右の図は東芝の 2SC2240 の NF を表したグラフです。  これを見て 「あ、ノイズを小さくするには信号源抵抗を 5-6kΩ にして、コレクタ電流を 20uA 位にすればいいんだな」 と思ったあなた、 それは間違いです。
このグラフは非常に誤解を招きやすいものですから、それを考察します。 少しばかり入り組んでいてややこしいですので、ゆっくりついてきてください。

(注: 以下の計算で、例が必要なときは右のグラフ中の値を採用します。)


基礎知識:

- 3つのノイズ源:
いま、Amp というオペアンプかトランジスタ素子があって、その中や周りで起きるノイズを考えます。 ノイズ源を3つに分けて考えるとわかりやすくなります。 In と Vn と Vr とでも記号を付けましょうか。
1. In は Amp の入力ノイズ電流です。 素子の発生するノイズのうち、信号源インピーダンスに比例するノイズで、単位は A/√Hz で表します。 信号源インピーダンスをかけると電圧 V/√Hz になります。  単位はバンド幅の平方根に比例するように見えますが、周波数帯によって値が異なることがあり、一概にバンド幅のルートをかけても比例しない場合もあります。
入力バイアス電流やコレクタ漏れ電流に含まれるノイズ分はこれになります。 In はジャンクションに流れる電流の平方根に比例します。  細かいですが、ホワイトノイズの部分は、   In=√(2Iq)  [A/√Hz]、  I はジャンクション電流、qは電子の電荷(1.6E-19C)です。
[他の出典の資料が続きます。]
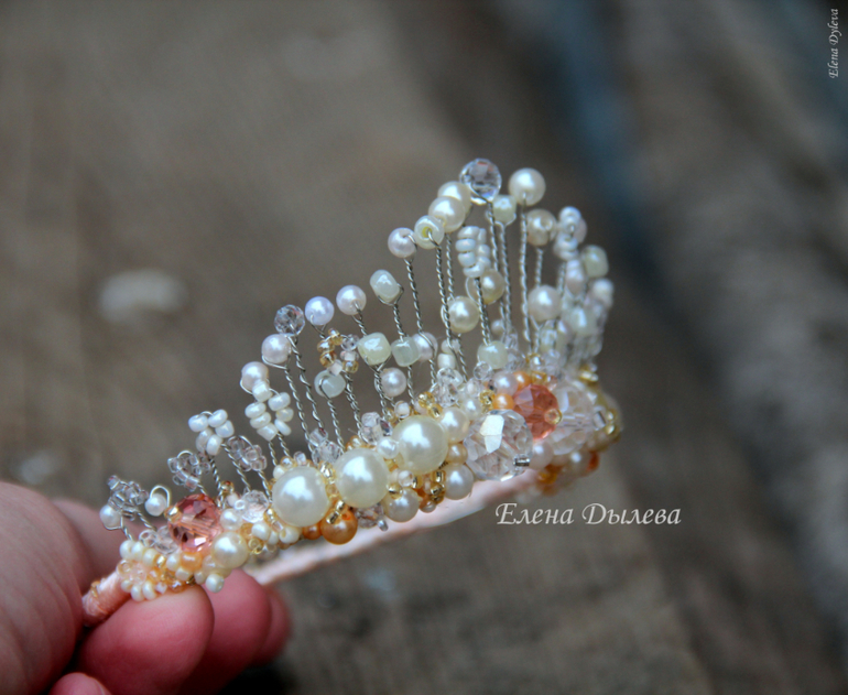 Диадема выполнена из бусин и бисера кремовых оттенков.

2. Vn はAmp の信号源インピーダンスに比例しないノイズ分です。 内部で発生するものを入力側に換算して表現し、単位は V/√Hz です。 In と同様に、周波数帯の依存性があります。 ベース拡散抵抗が発生するノイズはこれになります。

3. Vr は Amp の外にまとわりついているすべての抵抗が発生させるジョンソンノイズです。 熱雑音ともいいます。 パワースペクトルはガウス分布をしています。 単体が出す量は √(4KTR) で算出できますが、ついている場所によっては Amp で増幅されないこともありますから出力に反映される量は異なります。 単位は V/√Hz で、K はボルツマン常数(1.38E-23J/K)、T はその抵抗の絶対温度(以下 300K とします)、R は抵抗値。 ちなみに 1MΩが 1MHz のバンド幅で出すノイズは 130uV、と憶えておくと便利です。

-FET とバイポーラ:
FET はバイアス電流が非常に小さいという特徴があります。 これに伴って、 In はバイポーラに比べて少なくなるのが一般的です。 ただし、JFET のバイアス電流は温度で変化し、5 度上がるごとに2倍程度になりますから、 In はその平方根で 10 度上昇で2倍になると思ってください。
Vn については、一般的には FET の方が悪い傾向があります。 これは半導体プロセスの改善によって年々良くなっており、もうすぐバイポーラの領域に入ってくるでしょう。
おおざっぱに言って、信号源インピーダンスが低い環境にあってはバイポーラの方がノイズの発生を少なくすることができ、高い信号源インピーダンスでは FET を選択すると良い結果をもたらすことが多いといえます。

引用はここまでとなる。